(Recorded data):
*****
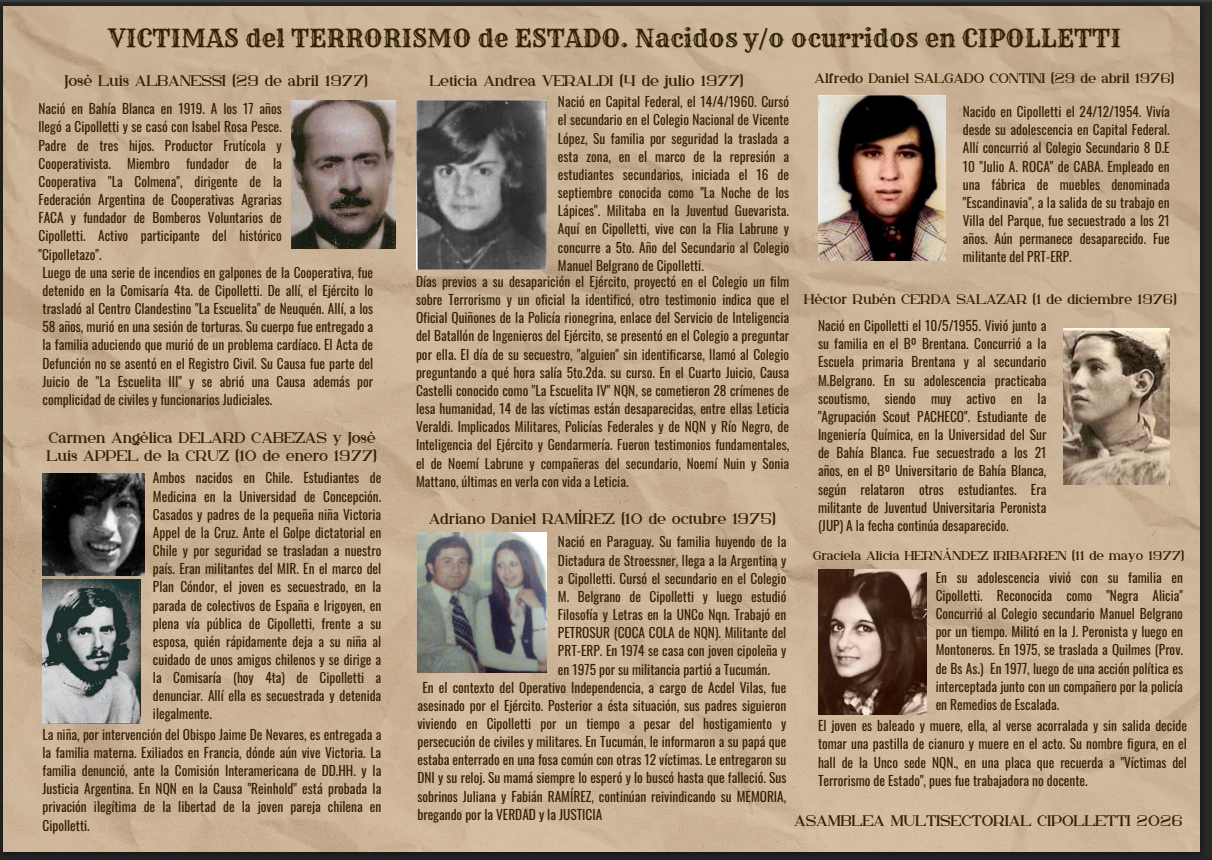 ASAMBLEA MULTISECTORIAL CIPOLLETTI 2026 Navegación de entradas El Gobierno avanza en silencio con cambios en la ex ESMA Neuquén: La Universidad del Comahue y el INTA preparan una maestría en cannabis medicinal
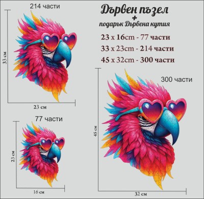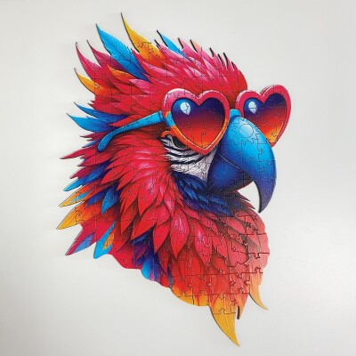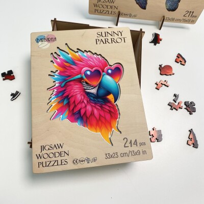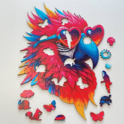 Дървен Арт пъзел "Слънчев папагал" – с фигурни елементи
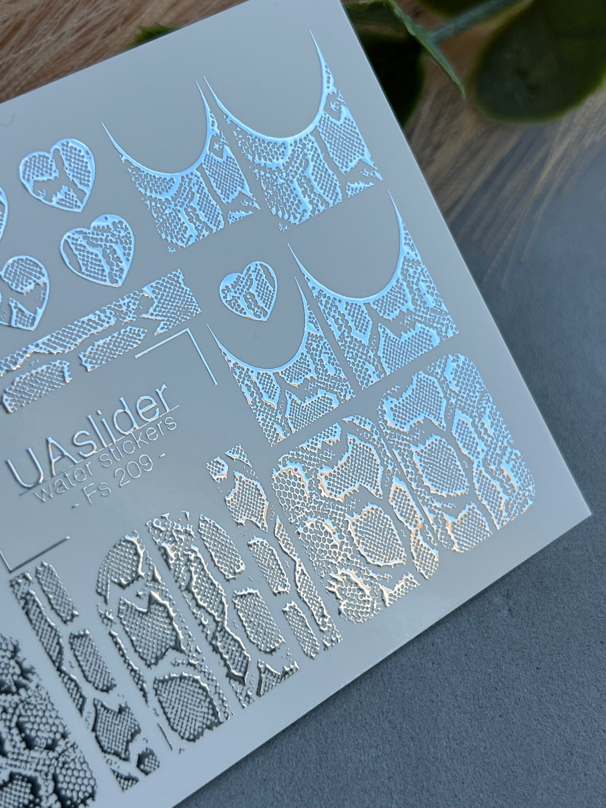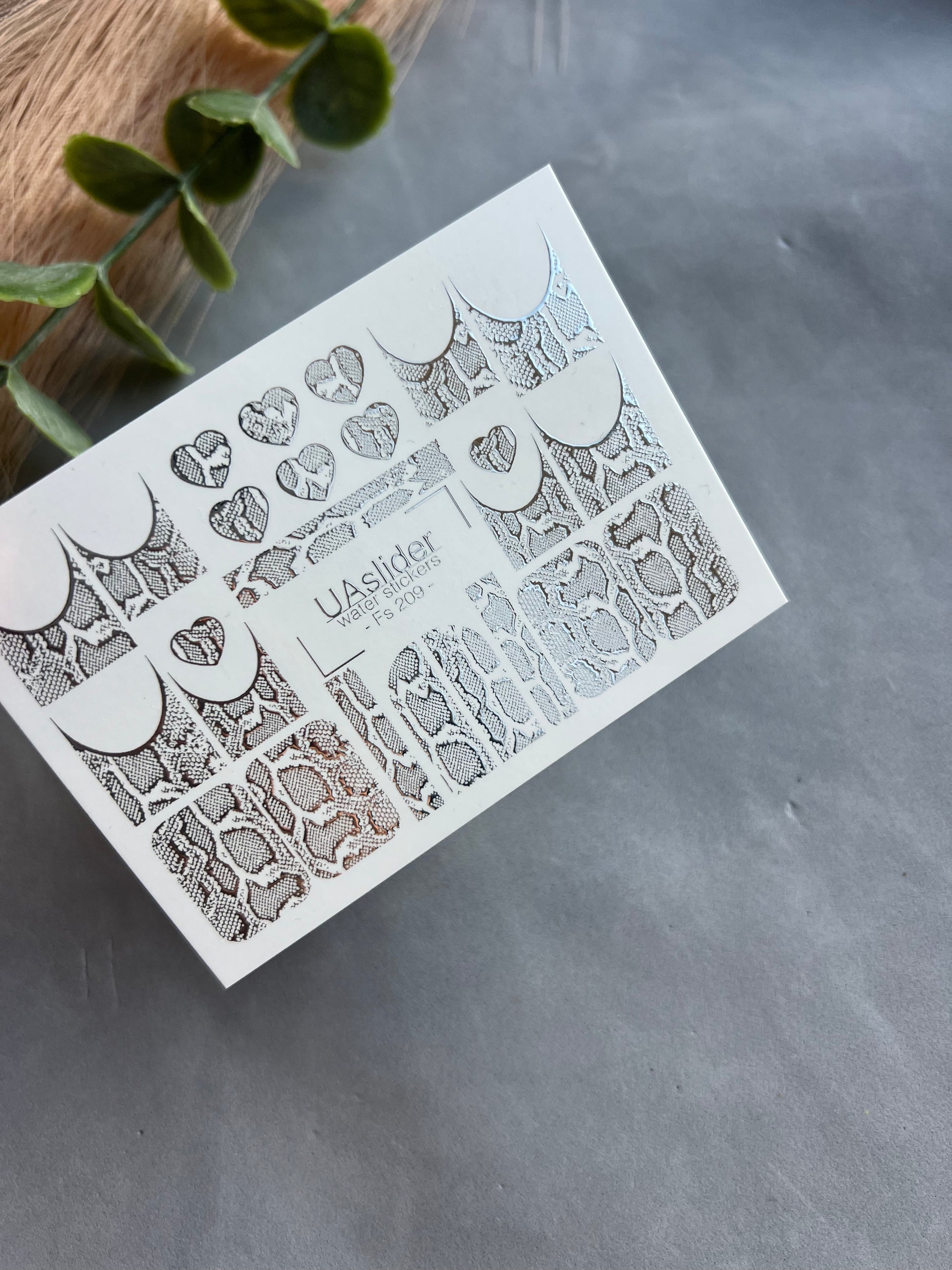 Adesivo per unghie Fs-209 | Adesivi per unghie a trasferimento ad acqua Pelle di serpente | Cuori e design francese
*****
(Problem description): Leave the images out and output the remaining material exactly as it stands.

(Solution below):
 ASAMBLEA MULTISECTORIAL CIPOLLETTI 2026 Navegación de entradas El Gobierno avanza en silencio con cambios en la ex ESMA Neuquén: La Universidad del Comahue y el INTA preparan una maestría en cannabis medicinal
 Дървен Арт пъзел "Слънчев папагал" – с фигурни елементи
 Adesivo per unghie Fs-209 | Adesivi per unghie a trasferimento ad acqua Pelle di serpente | Cuori e design francese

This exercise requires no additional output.